ACCESS_TOKEN="replace_with_access_key"
# Rotates logs after 50MB, keeping 10 files (~500MB total)
docker run --rm \
-v "/var/lib/pelion/mbed/mcc_config:/usr/src/app/mbed-edge/mcc_config" \
-v "/var/lib/pelion/mbed/ec-kcm-conf:/usr/src/app/mbed-edge/edge-gw-config" \
-v "/tmp:/tmp" \
-e ACCOUNT_ID="${ACCOUNT_ID}" \
-e ACCESS_TOKEN="${ACCESS_TOKEN}" \
-p 9101:9101 \
--name edge-core \
--log-driver=json-file \
--log-opt max-size=50m \
--log-opt max-file=10 \
-d ghcr.io/izumanetworks/edge-core-dev:0.21.6 \
--cbor-conf /usr/src/app/mbed-edge/edge-gw-config/kcm.cbor \
--edge-pt-domain-socket /tmp/edge.sock \
--http-port 9101 \
--bind 0.0.0.0
Verify connection:
curl -s localhost:9101/status | jq
Expected success fields include:
{
"status": "connected",
"account-id": "...",
"endpoint-name": "...",
"internal-id": "...",
"lwm2m-server-uri": "..."
}
View Edge Core logs:
docker logs edge-core
Run the following script to install services required for Izuma's container orchestration solution: edge-proxy, kubelet, pe-utils, kube-router and coredns. This will download the
./scripts/install-thick-edge-services.sh
To check status of the services, pe-utils provides a status utility:
sudo edge-info -m
Note: Services maestro, fluentbit, devicedb, and relay-term are expected to be inactive. They are not essential for container orchestration. You can install and enable them later based on your use case.
Check service status:
systemctl --no-pager status edge-proxy
systemctl --no-pager status kubelet
systemctl --no-pager status kube-router
systemctl --no-pager status coredns
View logs:
sudo journalctl -u kubelet -n 200 --no-pager
sudo journalctl -u edge-proxy -n 200 --no-pager
sudo journalctl -u coredns -n 200 --no-pager
sudo journalctl -u kube-router -n 200 --no-pager
Now you are ready to deploy your containerized application to your Edge device. Follow these tutorials to set up kubectl to communicate with the Izuma kube-apiserver. Here is a tutorial that deploys an example application, Tetris, on your Edge device.

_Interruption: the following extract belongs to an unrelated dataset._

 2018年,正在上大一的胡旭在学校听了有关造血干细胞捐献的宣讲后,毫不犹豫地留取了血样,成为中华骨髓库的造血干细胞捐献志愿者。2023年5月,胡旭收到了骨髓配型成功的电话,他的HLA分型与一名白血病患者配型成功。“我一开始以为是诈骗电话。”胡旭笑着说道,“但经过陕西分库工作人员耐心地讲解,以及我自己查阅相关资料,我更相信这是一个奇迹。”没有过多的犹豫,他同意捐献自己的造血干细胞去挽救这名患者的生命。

See the kaas-example for deploying an application on the edge node. The example provides a mechanism to template the definition files and uses a bash script, render.sh, to render definition files for each edge node.

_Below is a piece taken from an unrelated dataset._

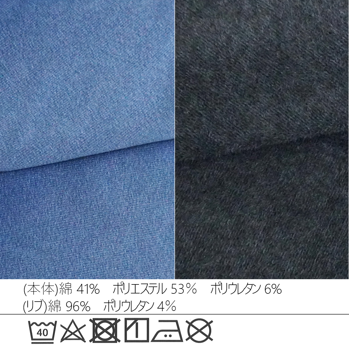 | 素材 | (本体) 綿 41% ポリエステル 53% ポリウレタン 6% (リブ部分) 綿96% ポリウレタン 4% |

Note that KaaS is built using K8s version 1.13.2. We recommend using kubectl version <= 1.14.3. Here are the commands to get started on the dev machine:
curl -LO "https://storage.googleapis.com/kubernetes-release/release/v1.14.3/bin/linux/amd64/kubectl" # For Linux
# OR
curl -LO "https://storage.googleapis.com/kubernetes-release/release/v1.14.3/bin/darwin/amd64/kubectl" # For macOS
chmod +x ./kubectl
sudo mv ./kubectl /usr/local/bin/kubectl
kubectl version --client
nc -vz gateways.us-east-1.mbedcloud.com 443
telnet gateways.us-east-1.mbedcloud.com 443
nslookup gateways.us-east-1.mbedcloud.com
# Use your device cert/key to validate TLS connectivity
sudo openssl s_client \
-connect gateways.us-east-1.mbedcloud.com:443 \
-cert /var/lib/pelion/mbed/ec-kcm-conf/runtime/device-certs/LwM2MDeviceCert.pem \
-key /var/lib/pelion/mbed/ec-kcm-conf/runtime/device-certs/LwM2MDevicePrivateKey.pem
Ensure the following:
- Kube-router CNI is the lowest number to avoid conflicts
sudo mv /etc/cni/net.d/10-kuberouter.conflist /etc/cni/net.d/01-kuberouter.conflist
sudo systemctl restart kubelet kube-router coredns
- Ensure the bridge IP exists
sudo ip addr add 172.21.2.1/24 dev kube-bridge || true
sudo ip link set kube-bridge up || true
Note: kube-bridge
may remain down until a pod is scheduled.